You still be able to use flash 11.2 and receive security updates for another 5 years. Unless there is going to be massive progress for flash (which we already know there isn't) this isn't really news. They are basically saying if there ever is a flash 12 it will not be supported on linux.

That hasn't been true for a very long time. Just using the linux flash plugin with nspluginwrapper on a native firefox has been the preferred method for flash on FreeBSD for several years now. I have not yet tried to use the linux chrome plugin with a native chromium, but that may also be a possibility now or sometime in the future.

Or just maybe any improvement makes Flash usable on Linux without crashing the browser. People might actually start enabling Flash on Linux if that happens.

I don't find Flash crashing my browser on Linux too often, but it crashes itself pretty regularly.

Plus the older hardware I run Linux on can barely show a 288p Hulu video, with lots of stuttering, even though the machine can play videos twice that resolution flawlessly in any of the native video players.

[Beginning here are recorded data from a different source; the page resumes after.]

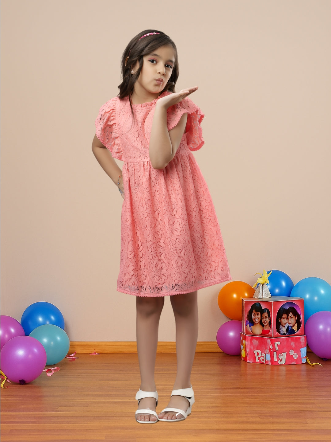 Floral Printed Pom Pom Lace Rayon Girls Dress - Peach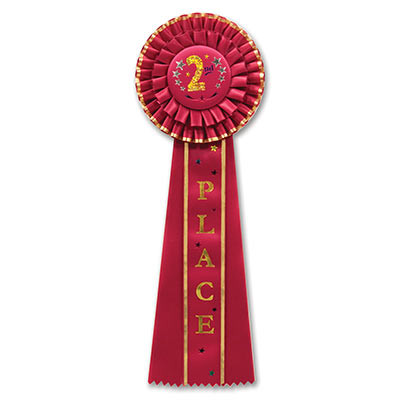 Life is good even if you don't come in 1st place! Show off your hard work with this 2nd Place Deluxe Rosette! This pretty red satin rosette features gold accents. Measures 4.5in x 13.5in.
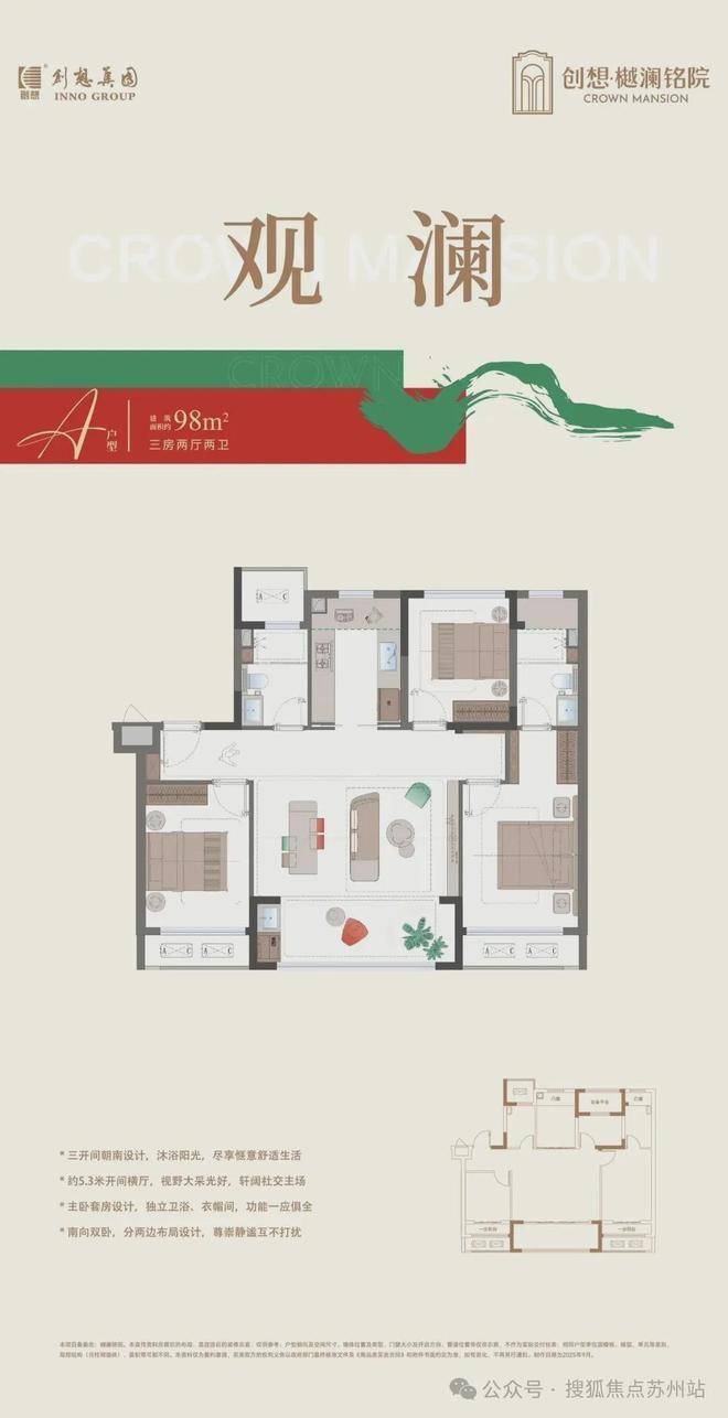 特色户型:98㎡南向三开间+5.3米横厅,136㎡四开间朝南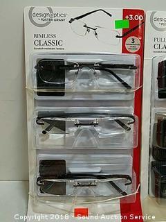 Lot #0079: Rimless & Full Frame Classic +3.0 Reading Glasses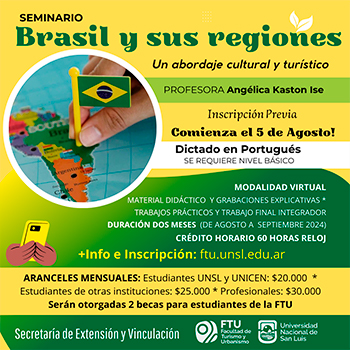 La Facultad de Turismo y Urbanismo (FTU) desde la Secretaría de Extensión y Vinculación (SEyV) dictará el Seminario “Brasil y
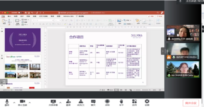 会议以腾讯会议形式线上进行,张晶莹女士首先介绍了诺欧商学院以及目前与中国高校开展的合作现状,顾晓燕老师随后介绍了WilliamHill中文,特别是william威廉中文的发展简况。双方表达了合作的意向,并就法语、英语和商务英语专业3+2的高商管理硕士项目展开讨论,达成初步合作意向,并表示将在学分互认、人才挑选模式和其他交流项目中具体进行交流和商讨。
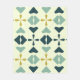 Vintag Geometrisches Muster in Petroleumblau, Kalkgrün und Gelb.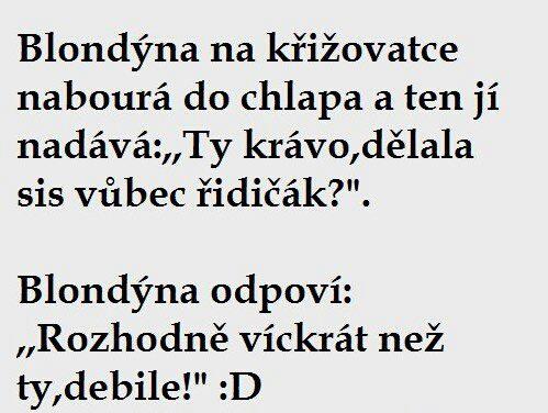 Řidič na přechodu zabrzdí až na poslední chvíli a málem srazí chodkyni. Vyleze z auta a když ženu spatří, zalekne se: 'Nejste vy náhodou Lucie Bílá?'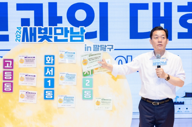 2024새빛만남은 이재준 시장이 권선·영통·장안·팔달구 권역을 찾아가 시민들에게 시정 주요 계획과 각 권역의 주요 사업을 설명하고, 시민과 대화를 나누는 자리다. 팔달구 권역 새빛만남은 4~6일 세 차례에 걸쳐 정조테마공연장에서 열린다. 이재준 시장은 4일 고등동·화서1·2동, 5일 행궁·매교·매산·지동, 6일 우만 1·2·인계동 주민들을 만난다.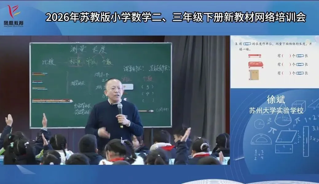 2月2日培训首日,课堂示范与教材解读同步推进。上午,特级教师徐斌带来观摩课《测量长度》,以趣味教学活动落实学生量感培养目标,生动践行新课标教学理念;苏教版教材分册主编刘娟娟副教授围绕二年级下册教材,从编排逻辑、知识体系到教学实施给出全面指导,为教师理清教学思路。

>I don't find Flash crashing my browser on Linux too often, but it crashes itself pretty regularly.

Before recentish versions of Firefox, a Flash crash would bring down the whole browser.

I'll give you that. It's one of the reasons I don't have the flash plugin installed.

I've used Chrome since it was available for Linux and I've never once had Flash take down the entire browser. In fact, I can't say I've ever had a Flash crash at all in Chrome. Funny enough it crashes rather frequently in Firefox (still doesn't crash the browser itself though...)

Right, it's obviously dependent on a lot of factors. Apple wouldn't even support it on the Iphone. For general users it may work well enough with the right environement, but I use Linux for development and I have little use for Flash compared to the relatively big impact that it has on system resources.

Here, Gnash already works fine when I really need Flash, which isn't often.